I hope to create a PR for this soon.

pongad commented 6 years ago

Update: the server side release should happen this week. The feature should be enabled next week. The client (in master) has already been modified to take advantage of this new feature.

When the server feature is enabled, we'll test to see how this helps.

pongad commented 6 years ago

The server-side fix has landed. If you are affected, could you try again and see if you observe fewer duplicates?

While we expect the fix to help reduce duplication on older client libs, I'd encourage moving to latest release (v0.30.0) since more fixes has landed during that time.

ericmartineau commented 6 years ago

We are seeing this behavior currently. We are using v0.30.0-beta of the pubsub library, and our subscriptions are all set to a 60s ack deadline. We have a subscription that is currently extended the deadline for over 750K unacked messages:

Screenshot of stackdriver below: https://screencast.com/t/KogMzx0q7f5

Our receiver always performs either ack() or nack(), and the occasional message that sneaks through when symptoms look like this complete within 1s, usually faster.

I deleted the subscription and recreated it, and saw the modack calls drop to zero, only to climb back almost instantly to where they were before.

Is there anything else that will help you/us troubleshoot this issue?

kir-titievsky commented 6 years ago

Eric, how does the mod ack rate compare to your Publish and ack rates? On Mon, Dec 11, 2017 at 9:19 AM Eric Martineau notifications@github.com wrote:

We are seeing this behavior currently. We are using v0.30.0-beta of the pubsub library, and our subscriptions are all set to a 60s ack deadline. We have a subscription that is currently extended the deadline for over 750K unacked messages:

Screenshot of stackdriver below: https://screencast.com/t/KogMzx0q7f5

Our receiver always performs either ack() or nack(), and the occasional message that sneaks through when symptoms look like this complete within 1s, usually faster.

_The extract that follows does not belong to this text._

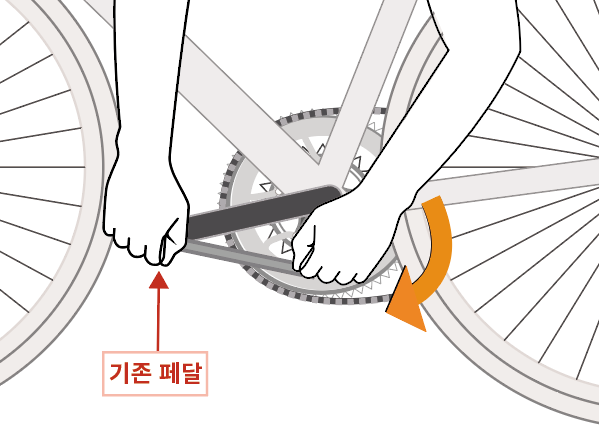 기존 페달 제거하기 페달 렌치가 자전거의 뒤쪽을 가리키도록 하여 스핀들에 페달 렌치를 끼웁니다. 한 손으로 페달을 고정한 상태에서 다른 손으로 페달 렌치를 아래로 누릅니다. 구동계 반대쪽(왼쪽)구동계 쪽(오른쪽) 페달이 빠질 때가지 페달 렌치를 한 방향으로 계속 돌립니다. 알코올에 적신 깨끗한 헝겊으로 크랭크 홀을 닦습니다. 홈소개설치 준비하기기존 페달 제거하기

I deleted the subscription and recreated it, and saw the modack calls drop to zero, only to climb back almost instantly to where they were before.

Is there anything else that will help you/us troubleshoot this issue?

— You are receiving this because you were mentioned. Reply to this email directly, view it on GitHub https://github.com/GoogleCloudPlatform/google-cloud-java/issues/2465#issuecomment-350793285, or mute the thread https://github.com/notifications/unsubscribe-auth/ARrMFhZdtKQEgS0G7y0c3GvvhizKQlzHks5s_WQXgaJpZM4Pk8_U .

--

Kir Titievsky | Product Manager | Google Cloud Pub/Sub

ericmartineau commented 6 years ago

This is the ack rate during the same window: https://screencast.com/t/FR2utgEau

The publish rate: https://screencast.com/t/2bT4ZcMkJwG

We have a backlog of 1MM messages. Also, we have three separate identical environments with roughly the same usage, and we're seeing this issue on two of them. A third environment seems unaffected.

kir-titievsky commented 6 years ago

Should have asked this earlier: but is your streamingPull operations < 10 messages/second?

On Mon, Dec 11, 2017 at 2:19 PM Eric Martineau notifications@github.com wrote:

This is the ack rate during the same window: https://screencast.com/t/FR2utgEau

The publish rate: https://screencast.com/t/2bT4ZcMkJwG

We have a backlog of 1MM messages. Also, we have three separate identical environments with roughly the same usage, and we're seeing this issue on two of them. A third environment seems unaffected.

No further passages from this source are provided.